Nada mejor que aquellas confrontaciones religiosas e identitarias para ocultar la auténtica realidad en la que ese élite depredadora y extractiva nos obligaba a vivir. Ya no era tan solo la religión, como el opio del pueblo, o la nación, como alienación de clase, como nos adelantó Marx, sino también la mejor manera de cancelar cualquier postulado universalista emancipador, capaz de refundar de manera radical nuestros viejos principios ilustrados, como la filósofa Marina Garcés nos había propuesto en Nueva ilustración radical. No eran el cristianismo, el nacionalismo, el islamismo, budismo o judaísmo, era simplemente el capitalismo, por eso muy poca gente era consciente de aquella trampa ideológica que nos estaba cegando a todos. También Wells necesitó enviar a su personaje hacia delante en el tiempo con objeto de exponer su punto de vista sobre las injusticias del sistema de clase inglés o sobre las guerras, consecuencia todas ellas del imperialismo capitalista más atroz.

A nosotros, entre otras muchas voces, Wendy Brown ya nos había recordado en su magnífico Estados amurallados, soberanías en declive que nos encontrábamos, por una parte, ante una soberanía teológica-política cada vez más vacilante y, por otra, ante el capital como poder global. Esto, según ella, comportaba una extraña inversión paradójica. Mientras los Estados nación soberanos, que se debilitaban, uncían sus destinos y su legitimación a Dios, el capital se hacía semejante a él: omnipotente, sin límites e incontrolable.

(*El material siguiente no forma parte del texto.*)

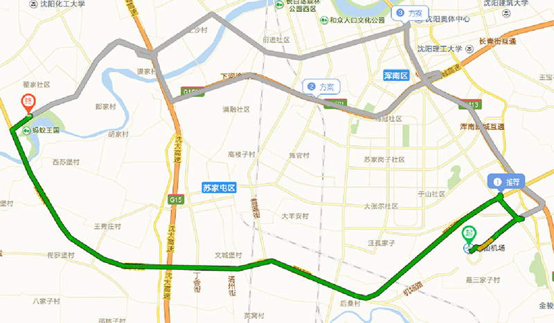 3)蘇家屯南收費站(G15)至四環(huán)路,行駛12.1公里右轉(zhuǎn)進(jìn)入大堤路,行駛1.4公里到達(dá)沈陽東方銀座鉑爾曼酒店。

Así que me resultaba muy complicado pensar que en un mundo cada vez más fragmentado, dentro de diez años podría caber la posibilidad de una fraternidad universal ecuménica, capaz de pensar la espiritualidad religiosa como un bien común. Nada más lejos de mi imaginación. Sin embargo, no cabía otra salida. Si tenía que cumplir con el encargo debía asumir esa premisa ecuménica y, en cierto modo comunista, aunque hubiera preferido cualquier otro tema.

A mi pesimismo sobre la capacidad de la humanidad para pensar un mundo en común, se le añadían mis limitados conocimientos sobre religión y, más en concreto, sobre teología. Más allá de mi educación católica, recibida en un colegio de frailes capuchinos durante pleno franquismo, de la que traté de salir huyendo por la puerta de un ateísmo temprano, y de cierta simpatía juvenil, que todavía mantengo, por los movimientos cristianos de base, mi relación con los asuntos de la(s) iglesia(s) se había enfriado tanto como los casquetes polares.

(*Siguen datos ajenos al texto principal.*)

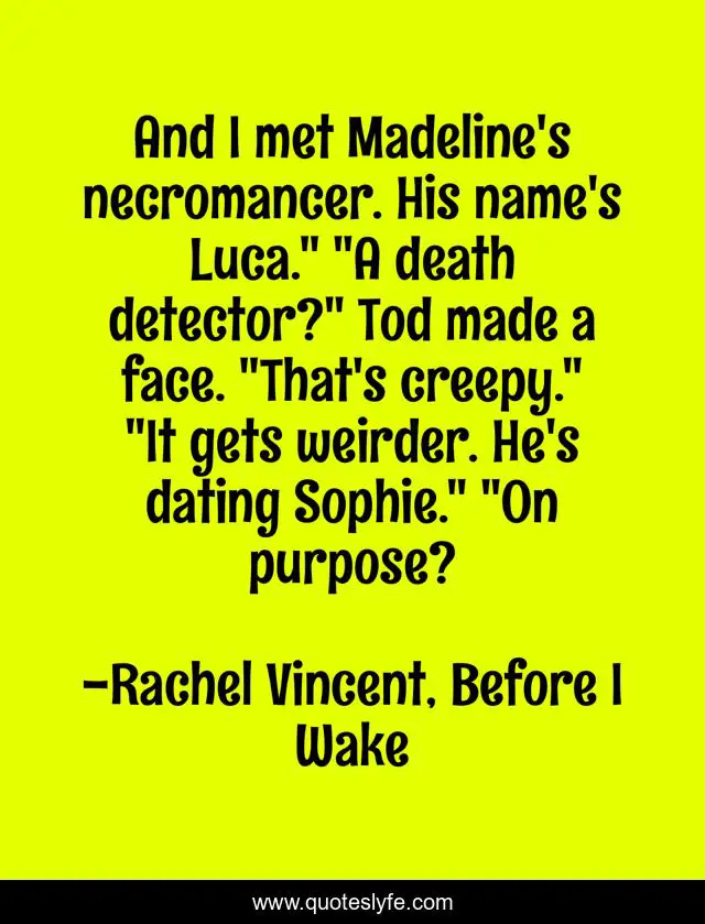 This page presents the quote "And I met Madeline's necromancer. His name's Luca." "A death detector?" Tod made a face. "That's creepy." "It gets weirder. He's dating Sophie." "On purpose?". Author of this quote is Rachel Vincent, Before I Wake. This quote is about death, dating,.

Por tanto, antes de ponerme a escribir el guión, llamé a José Antonio Vázquez, aquel monje cisterciense que en el 2014 se dio a conocer por dejar su encierro en el monasterio de Santa María de Huerta, en Soria, para presentarse al Consejo Ciudadano de Podemos como candidato del Círculo de Espiritualidad Progresista, compuesto en su mayoría por miembros católicos muy cercanos a la sensibilidad del Papa Francisco, elegido en el 2013. Tal vez sea bueno recordar –para aquellos que hayan olvidado algunos capítulos de nuestra historia reciente- que Podemos era un partido instrumental, constituido para concurrir a las elecciones europeas del 2014 y para hacer posible que aquella potencia liberadora del movimiento 15M tuviera herramientas de trasformación institucionales. Después de varias décadas de decadencia política y degradación democrática, a las que se sumó una profunda crisis económica causada por el enésimo capitulo de acumulación capitalista, aquella inusitada encarnación de la “esperanza”, emanada de la indignación popular, tomó cuerpo en aquellas acampadas de mayo del 2011, primero, en la Puerta del Sol madrileña y otras plazas de España y, más tarde en el 2015, también en primavera, en una serie de candidaturas municipalistas que consiguieron llegar a gobiernos tan importantes como los de la ciudad de Madrid o Barcelona (en aquellas acampadas se produjeron todo tipo de protestas políticas con la intención de promover una democracia más participativa alejada del bipartidismo PP/PSOE y del dominio de bancos y corporaciones, así como una auténtica división de poderes y otras medidas con la intención de mejorar el sistema democrático). En fin, de aquellos tiempos de esperanza tan solo nos queda la ilusión de volver a recuperar algún día el entusiasmo perdido en los intrincados vericuetos de la decepción. Pero este es otro capítulo que, ahora mismo, no viene a cuento.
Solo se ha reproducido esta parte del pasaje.